[Available data Boundary: Start]
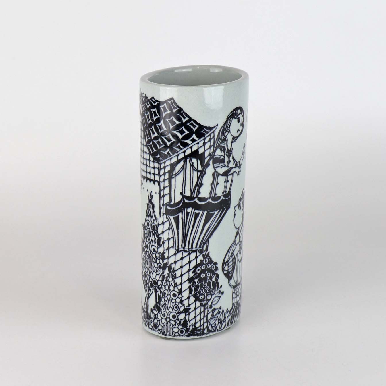 Oval vase i porcelæn med motiv i sort streg af kvinde på balkon med syngende mand og titlen Julia. Nr. 3189
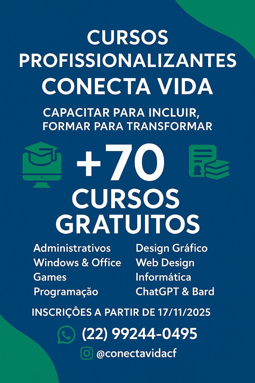 Mais do que um espaço físico, a Conecta Vida é um ponto de encontro entre educação, cultura, esporte e solidariedade. A iniciativa vai oferecer mais de 70 cursos gratuitos, oficinas culturais, atividades esportivas e ações voltadas à tecnologia e qualificação profissional, abrindo novas portas para jovens e famílias do bairro.
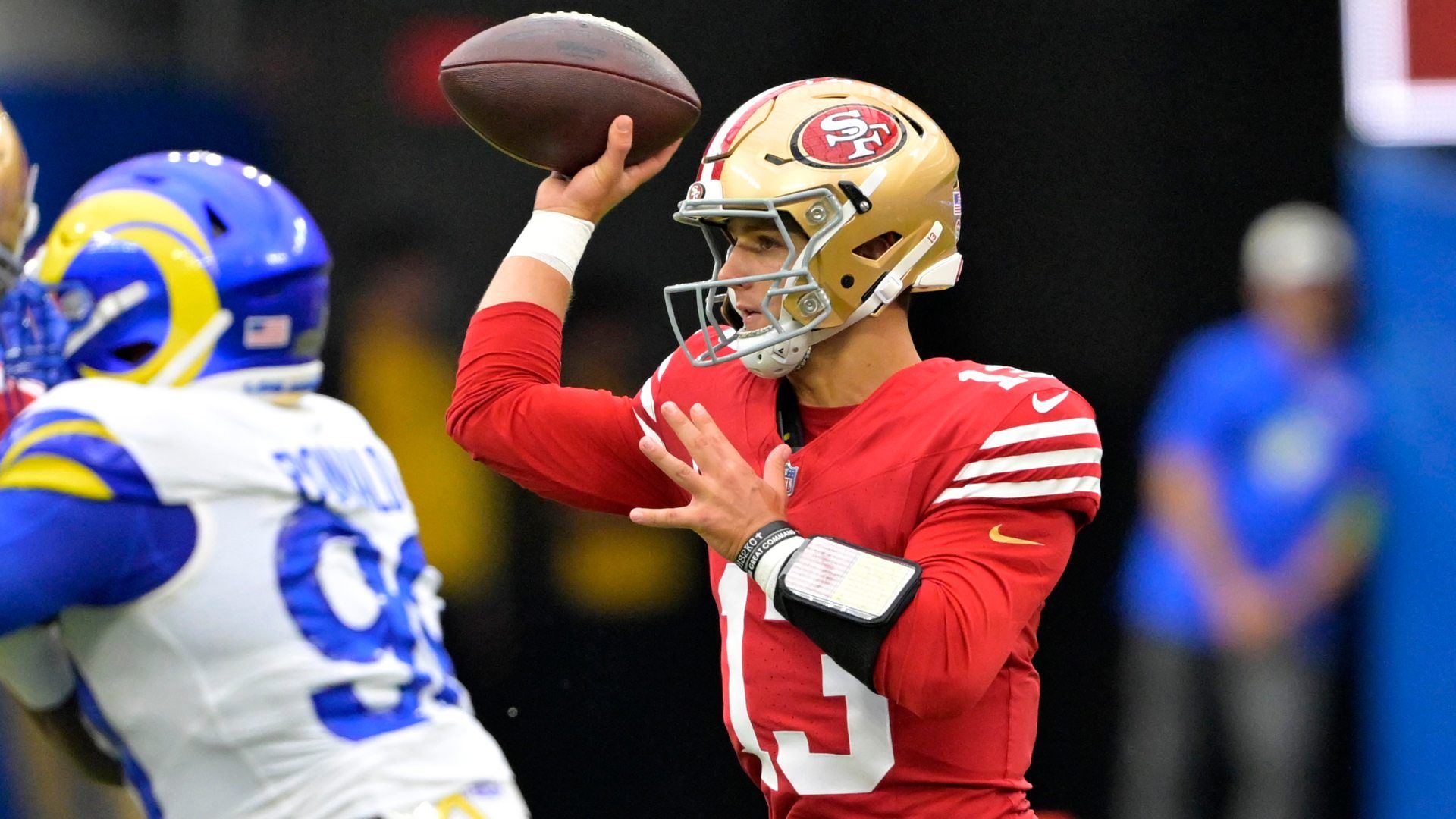 Sep 17, 2023; Inglewood, California, USA; San Francisco 49ers quarterback Brock Purdy (13) throws a pass in the first half against the Los Angeles Rams at SoFi Stadium. Mandatory Credit: Jayne Kamin-Oncea-USA TODAY Sports
[Available data Boundary: End]
**Task description:** The pictures should not be reproduced; quote all of the other material exactly.

**Result of the task:**
 Oval vase i porcelæn med motiv i sort streg af kvinde på balkon med syngende mand og titlen Julia. Nr. 3189
 Mais do que um espaço físico, a Conecta Vida é um ponto de encontro entre educação, cultura, esporte e solidariedade. A iniciativa vai oferecer mais de 70 cursos gratuitos, oficinas culturais, atividades esportivas e ações voltadas à tecnologia e qualificação profissional, abrindo novas portas para jovens e famílias do bairro.
 Sep 17, 2023; Inglewood, California, USA; San Francisco 49ers quarterback Brock Purdy (13) throws a pass in the first half against the Los Angeles Rams at SoFi Stadium. Mandatory Credit: Jayne Kamin-Oncea-USA TODAY Sports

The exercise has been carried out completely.